- Yanis Kanidis
- Born: January 1, 1930 Tbilisi, Georgian Soviet Socialist Republic
- Died: September 3, 2004 (aged 74) Beslan, North Ossetia, Russia
- Citizenship: USSR Russia
- Occupation: Teacher
- Awards: Badge of honor “For the protection of human rights”

= Yanis Kanidis =

Self-sacrificing victim of the 2004 Beslan hostage crisis

Yanis Kanidis (Γιάννης Κανίδης, Иван Константинович Каниди; January 1, 1930 - September 3, 2004) was a Russian physical education teacher, born in Georgia of Caucasus Greek origin.

==Hostage crisis==
When armed Chechen extremists took more than 1,200 school children and adults hostage on September 1, 2004, in the Russian town of Beslan in North Ossetia, in what has become known as the Beslan school hostage crisis, 74-year-old Kanidis insisted on staying with his students, helped them survive and ultimately died to save their lives.

Two days after the start of the hostage taking, a number of nursing mothers were allowed to leave the building with their babies. The commander of the terrorist squad saw Kanidis, an elderly sickly man, and offered to allow him to leave as well. But Kanidis refused, saying he would stay "with [his] students till the end". And throughout the ordeal, Kanidis guarded and fought for the lives of his students as best he could.
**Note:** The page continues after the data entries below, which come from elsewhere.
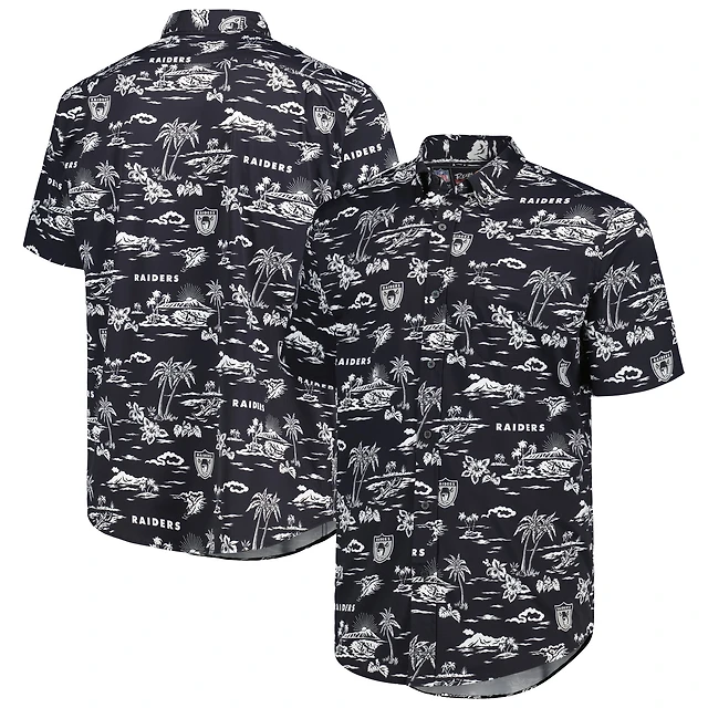 Chemise boutonnée noire à imprimé Kekai pour hommes Reyn Spooner des Las Vegas Raiders Throwback
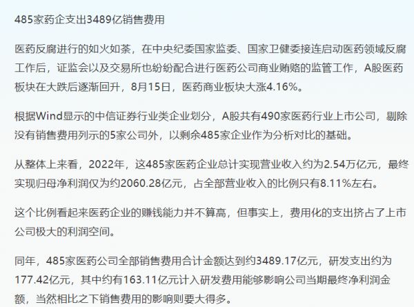 这种医药生态是不利于新药研发的,如果医疗反腐可以一定程度改变这种风气的话,那么一些用于营销的费用,是可以投入在医药和器械研发上的,显然这无论是对于产业升级的宏观叙事,还是对于普通人的健康都是好事情。
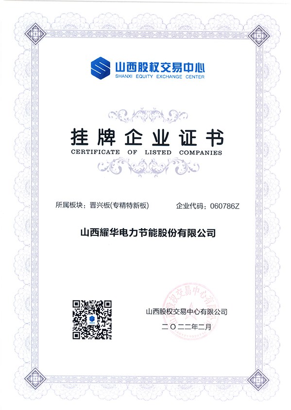 山西耀華電力節(jié)能股份有限公司是國內第一家提出谷期電集中儲能蓄能的高新技術企業(yè),其主營業(yè)務:電力市場購售電交易運營、電力設施安裝檢測運維、 低谷電采暖設備的研發(fā)、生產(chǎn)、安裝、銷售及運行服務于一體。公司成立于1996年,落座于山西省太原市,現(xiàn)有股權代碼在晉興板上市的專精特新企業(yè),中國建設科技自主創(chuàng)新優(yōu)勢企業(yè),山西省節(jié)能協(xié)會理事單位,擁有自主知識產(chǎn)權,獲得國家多項專利,參編了電采暖國家標準(JC/T60008-2021)和主編了山西省地方標準(DBJ04/T291-2012)。擁有國家發(fā)明專利11項,軟件著作權6項。其中“大數(shù)據(jù)遠程集中監(jiān)控運維服務平臺”早在2019年就在河北、天津、山西等多個煤改電地區(qū)投入試用,節(jié)能效果非常顯著,運維方便快捷,用戶滿意。
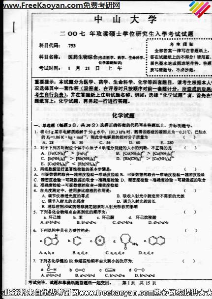 中山大学2007年半岛在线注册真题-医药生物综合(包含医学、药学、生命科学、化学系出知识)
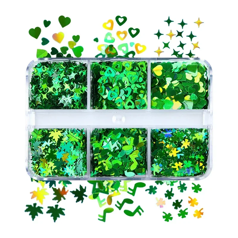 Gröna paljetter 3-4g 6 former Löst paljetter för naglar Glitter för dekorationer Hantverk Konstnärlig dekoration Scrapbooking DIY

When the children were succumbing to the sweltering heat, stuffy air and thirst, Kanidis approached the terrorists insisting that "You have to give them something to drink, at least to the smallest children". When he was heavily beaten with the butt of a rifle by one of the terrorists, Kanidis continued defiantly, "How dare you!? You claim you are people of the Caucasus region, but here in the Caucasus even a dog wouldn't turn down the request of an old man!" At which point the terrorists allowed Kanidis to wet one of the bibs of the children and pass it around to dampen the mouths of the smallest children who were choking from thirst.

The surviving hostages tell how he repeatedly risked his own life in order to save those of the children and how he moved explosives which had been placed near the children, and tried to prevent others from being detonated.

Kanidis was killed on the third day of the hostage taking. The circumstances of his death remain unclear. According to the Israeli newspaper Yediot Aharonot, he was killed when he jumped on a grenade the terrorists had thrown at fleeing children, sacrificing his life to save theirs. According to the Greek/English newspaper Kathimerini, he was shot when he tried to dismantle a ceiling fan that had been wired to an explosive device. According to a feature by C.J. Chivers, Esquire, June 2006 Kanidis was killed while struggling with one of the terrorists, trying to buy time for others to escape. His last words were: "Get the children out!"

Afterwards one of the saved students compared him to the Polish man Janusz Korczak, who had accompanied his pupils to Treblinka.

==Awards and memorials==
On December 9, 2004, Kanidis was posthumously awarded the medal For Protection of Human Rights by the Russian Government. Later in the same month, one of the two new schools being constructed to replace the school destroyed in the attack was named "Ivan Kanidis".